ACTION ITEM:
Look below for the line that contains "这张类图设计了Elevator、Direction、enum和Main类。Elevator 类依赖 Direction", then quote it and all the lines after it, exactly, with the pictures left out.

DATA SECTION:
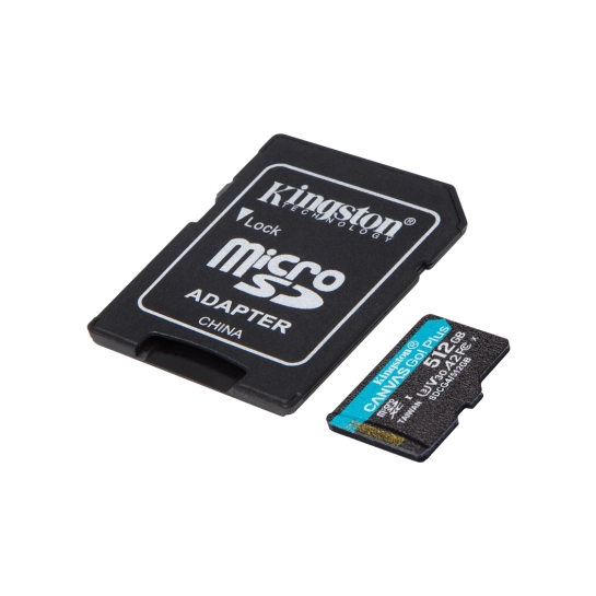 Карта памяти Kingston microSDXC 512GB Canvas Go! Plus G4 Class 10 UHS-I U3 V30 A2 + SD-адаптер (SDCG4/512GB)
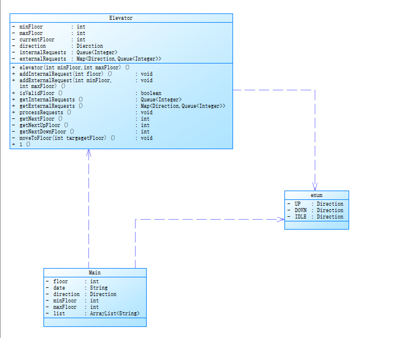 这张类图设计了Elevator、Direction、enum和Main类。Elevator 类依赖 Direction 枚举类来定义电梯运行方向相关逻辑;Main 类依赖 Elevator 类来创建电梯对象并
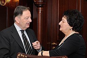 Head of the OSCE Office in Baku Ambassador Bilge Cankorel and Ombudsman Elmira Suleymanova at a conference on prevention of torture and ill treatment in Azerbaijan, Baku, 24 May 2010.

SOLUTION TO THIS EXERCISE:
 这张类图设计了Elevator、Direction、enum和Main类。Elevator 类依赖 Direction 枚举类来定义电梯运行方向相关逻辑;Main 类依赖 Elevator 类来创建电梯对象并
 Head of the OSCE Office in Baku Ambassador Bilge Cankorel and Ombudsman Elmira Suleymanova at a conference on prevention of torture and ill treatment in Azerbaijan, Baku, 24 May 2010.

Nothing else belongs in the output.